Say we intervene and set \(X=1\). The term \(p(Y = 1 \vert do(X=1), Z=z)\) will be equal to 1 if and only if \(z \in \{0, 1\}\). Similarly, \(p(Y = 1 \vert do(X=1), Z=z) = 0\) if and only if \(z \in \{3, 4\}\).

Thus if we intervene to set \(X=1\). we have \(E[Y \vert do(X=1)] = \Sigma_z p(Y=1 \vert x, z)p(z)\). Additionally, because the probability \(p(Y=1 \vert x, z)\) is 0 when \(z \in \{3, 4\}\), we have \(E[Y \vert do(X=1)] = \Sigma_{z\in \{1, 2\}} 1 * p(z) = a + b\). By the same logic, \(E[Y \vert do(X=0)] = c +d\).

Hence the ATE from our potential outcomes notation is equivalent to the expectation of \(Y\) after intervening to fix \(X\) to 1 minus the expectation of \(Y\) after intervening to fix \(X\) to 0.

In symbols:

\[\begin{align*} ATE &= E[Y \vert do(X=1)] - E[Y \vert do(X=0)] \\ &= a+b - (c +d) \\ &= E[C_1] - E[C_0] \end{align*}\]

This shows how to construct a DAG that represents a binary treatment and outcome. It also shows that we get the same ATE when we express the intervention using potential outcomes or using a DAG. For this example at least, the DAG and potential outcomes are equivalent.

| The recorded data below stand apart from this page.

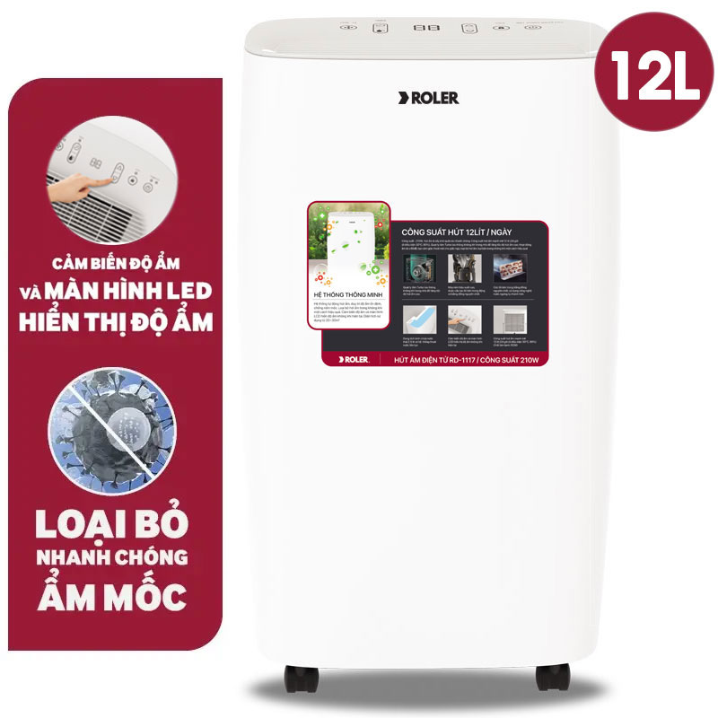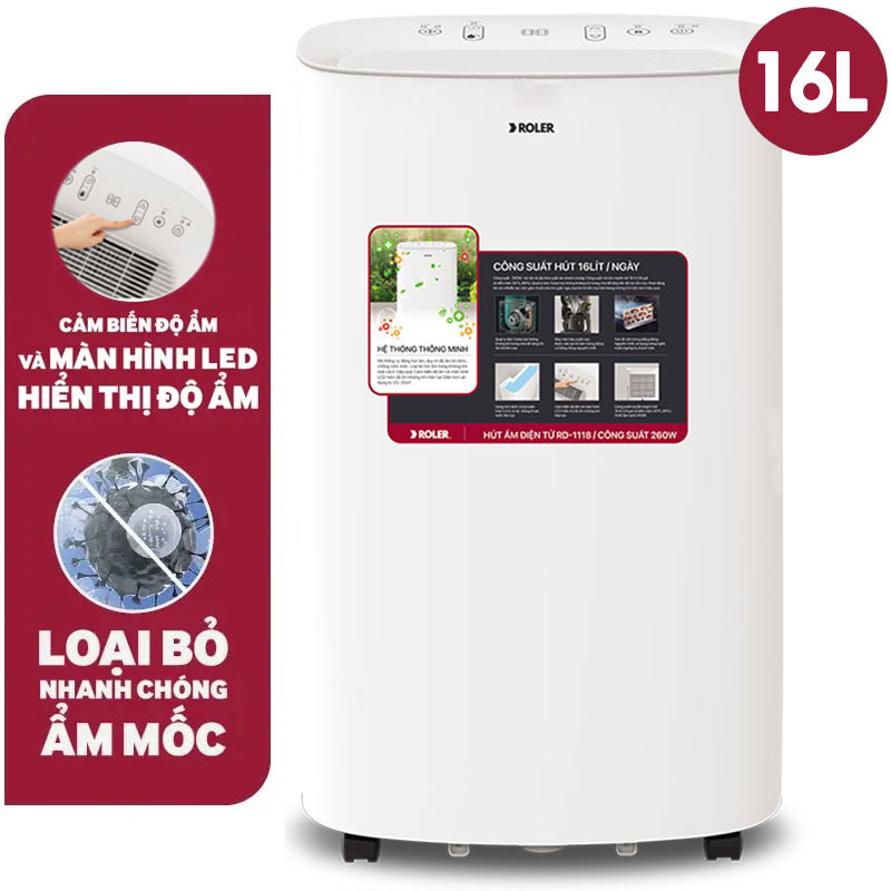 Máy hút ẩm điện tử 24 lít ROLER RD-1113 tự động tắt, tự động khởi động lại, tự động rã đông ở nhiệt độ thấp, hẹn giờ TẮT/MỞ trong vòng 24 tiếng. Máy có khả năng cảm biến độ ẩm và màn hình hiển thị độ ẩm không khí hiện tại.
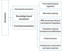 Knowledge base annotation is done based on the information of gene attribute, protein function and its metabolism. In this type of annotation more emphasis is given to genetic variation that disrupts the protein function domain, protein-protein interaction and biological pathway. The non-coding region of genome contain many important regulatory elements including promoter, enhancer and insulator, any kind of change in this regulatory region can change the functionality of that protein.[9] The mutation in DNA can change the RNA sequence and then influence the RNA secondary structure, RNA binding protein recognition and miRNA binding activity.[10][11]
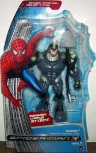 For both Sam Raimi’s Spider-Man and its sequel, there wasn’t really many characters to turn into action figures other than Spider-Man and the movies sole villain; The first line of Spider-Man movie figures featured J.Jonah Jameson with desk pounding action and Norman Osborn complete with easy chair. For Spider-Man 3, there were more than enough characters packed into that movie for action figure fodder, yet Toy Biz also expanded the line with villains not seen in the film based on their appearances from the Spider-Man 2 and Spider-Man 3 video games including Mysterio and the Rhino:
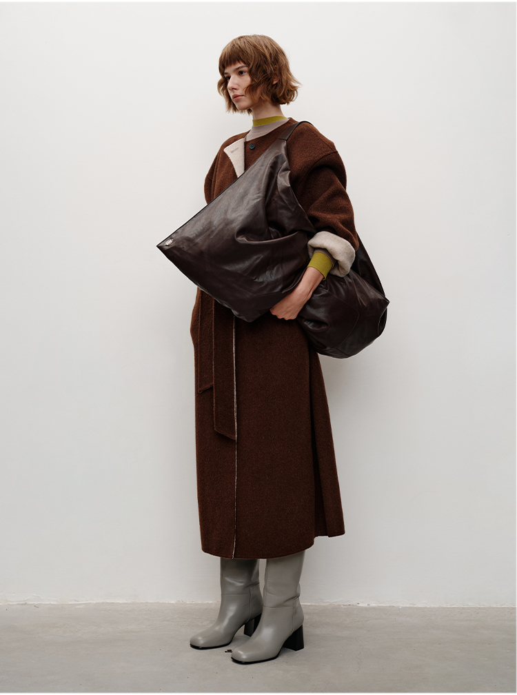 HIDEMI小羊皮抽绳设计感厚款大衣
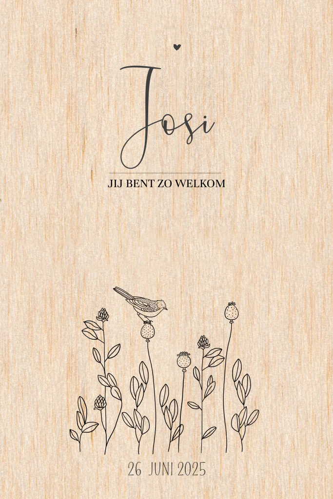 Trendy natuurlijk geboortekaartje van hout voor je pasgeboren dochtertje met een mooie lijntekening van droogbloemen en een vogeltje. Dit kaartje is gemaakt van echt hout en is dus heel hip!

To make this more concrete, we can imagine that \(Z\) reflects factors that govern how a person responds to a treatment. For example, if \(X\) is a medical intervention in an observational study then \(Z\) might be the factors which cause them to seek out the treatment, and which also cause the outcome. For example, to use Wasserman’s example, suppose healthy people take vitamin C. \(Z\) in the DAG might govern if a person is healthy (i.e., \(Y\)) and takes vitamin C (i.e., \(X\)). The effect of the intervention will be the same if expressed using potential outcomes or a DAG.

Thanks to Javier Burroni for pointing out some errors and suggesting better notation for the do intervention.